No Protection for Inland Grayling Salmon

     BUTTE, Mont. (CN) — Inland Arctic grayling, a freshwater salmon, won’t be protected as an endangered species, a federal judge ruled, rebuffing a lawsuit from environmentalists.
     The Arctic grayling is native to the Arctic Ocean but populations are found in the upper Missouri River system north of Great Falls, Mont. and in Yellowstone National Park in northwest Wyoming. It has a large, sail-like dorsal fin, a troutlike body and deeply forked tail.
     Unlike most salmon, which are anadromous — spawning in fresh water, living most of their lives in salt water, then returning to fresh water to spawn — Arctic grayling are catadromous, living their entire life in fresh water, though they migrate.
     The Center for Biological Diversity claimed the Arctic grayling has lost most of its habitat and its population has plummeted due to low flows and barriers in river channels, rising water temperature due partly to climate change, and increased pressures from non-native fish.
     Joined by the Western Watersheds Project, the Center for Biological Diversity sued the U.S. Fish and Wildlife Service in 2014 after it refused to list the distinct population segment of Arctic Grayling in the upper Missouri River Basin as endangered or threatened.
     After considering cross-motions for summary judgment, U.S. District Judge Sam Haddon upheld the Fish and Wildlife Service on Sept. 2.

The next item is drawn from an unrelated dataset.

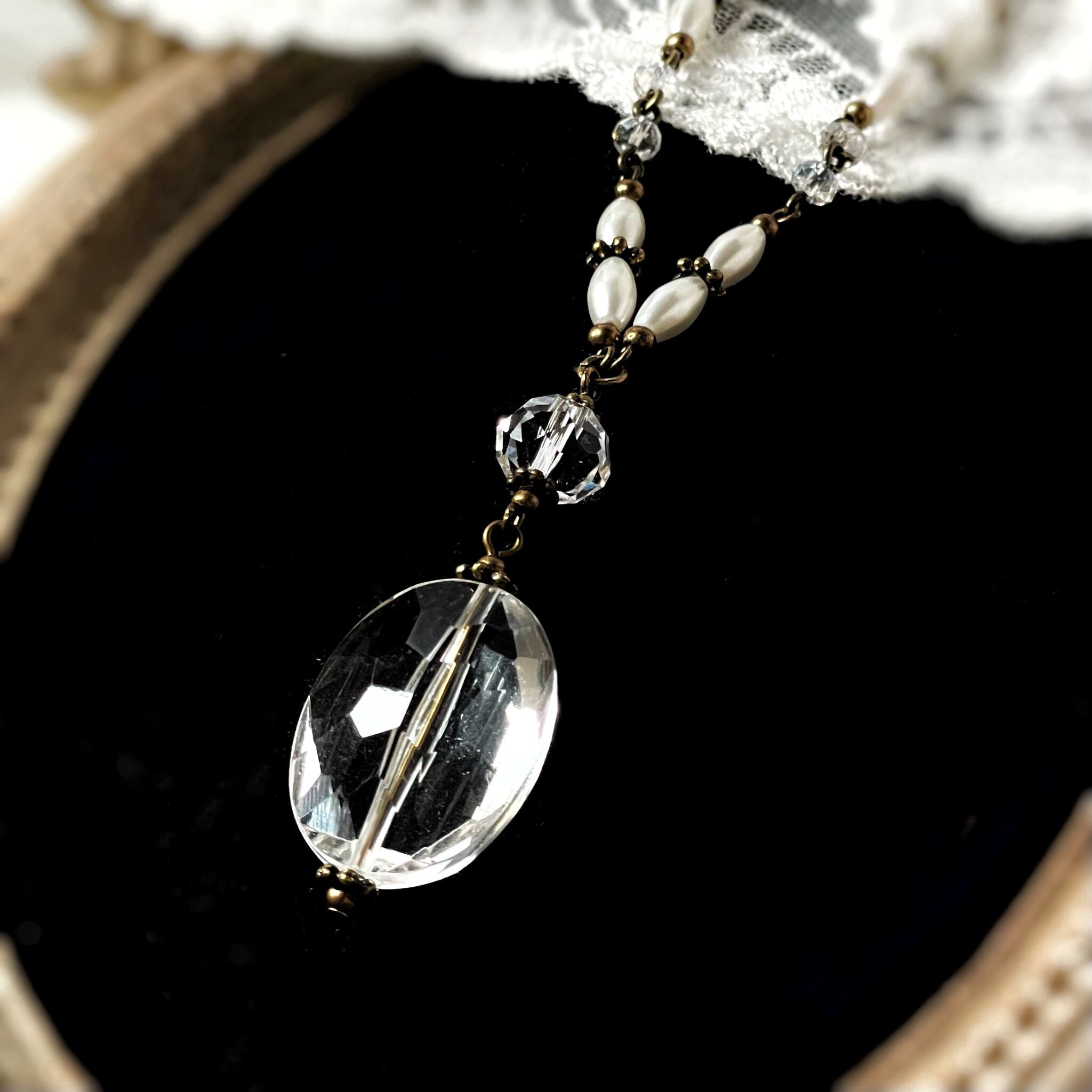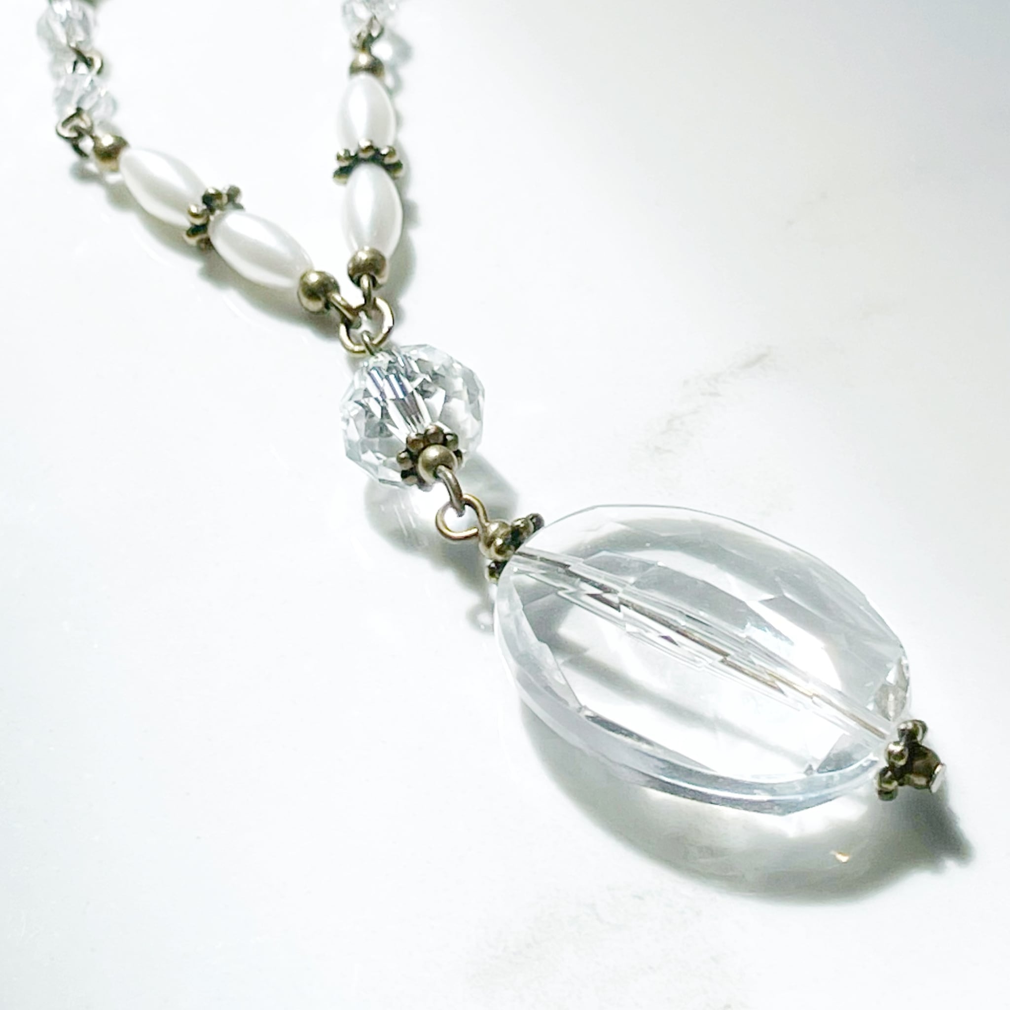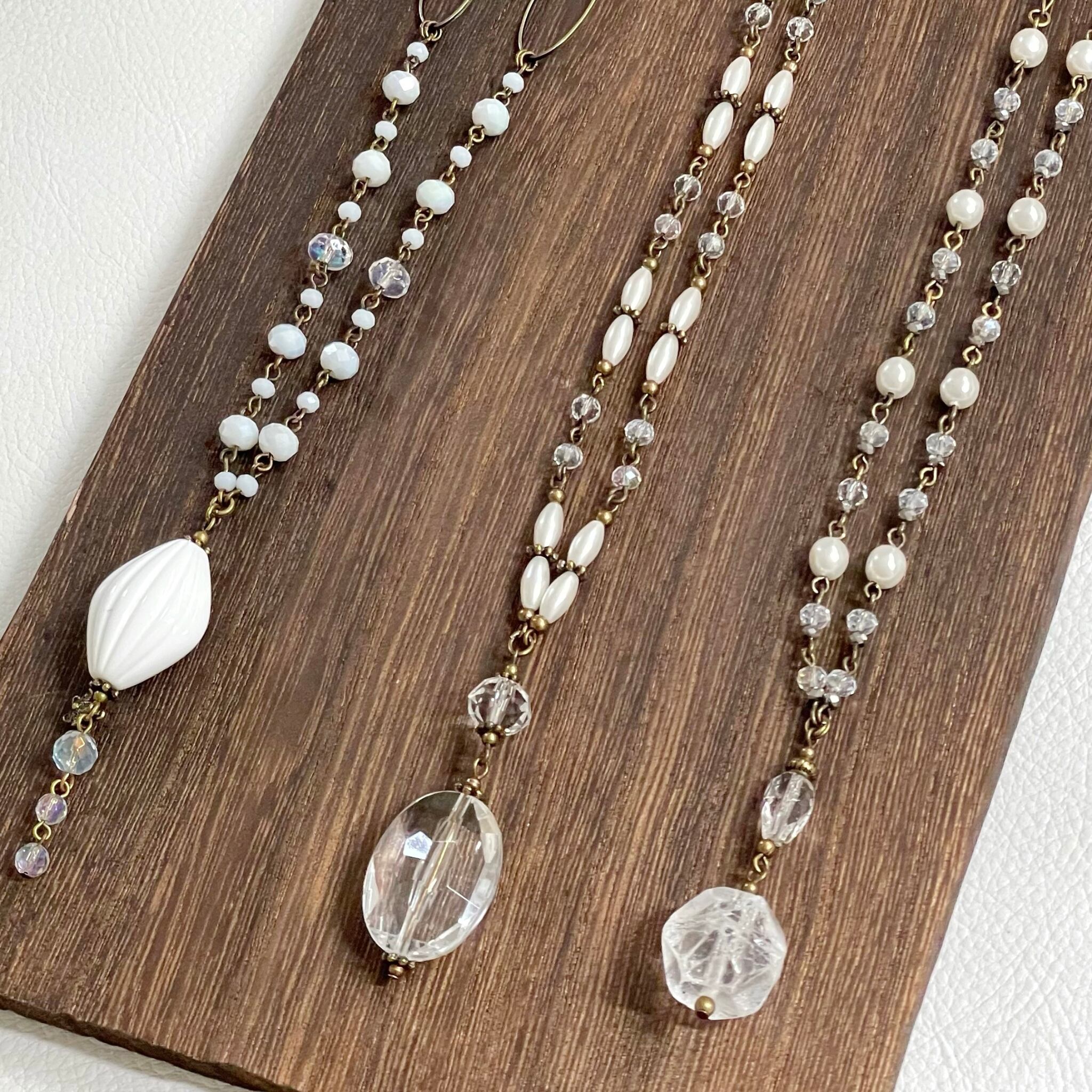 輝く氷のような ヴィンテージビーズの ロングネックレス
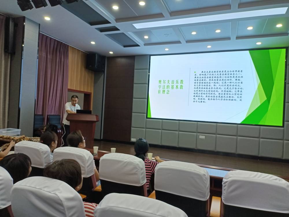 为提升师生专业素养,促进校·园联合教研, 7月12日晚,亚洲无码人妻“三室合一”技能名师工作室之“奥尔夫音乐工作室”在实训教育中心206举行奥尔夫音乐教学法专题讲座,讲座主讲为奥尔夫工作室负责人熊兵老师,同时邀请了交通幼儿园刘玲敏主任、余璐主任 等学前教育一线教师莅临现场,进行探讨交流。亚洲无码人妻副院长方朝阳,奥尔夫音乐工作室团队成员阮晓玲、王华珍、肖燚老师,以及学前教育专业的学生参与聆听了此次讲座。

     “The Service’s 2014 finding that the upper Missouri River Arctic grayling DPS [distinct population segment] did not warrant listing under the ESA [the Endangered Species Act] was reasonable,” Haddon wrote.
     “The conclusion was based on the best available science; it considered all the appropriate listing factors as mandated under the ESA, and it made a determination, based on its expertise, that the current status of the species did not warrant listing. This court upholds the 2014 finding.”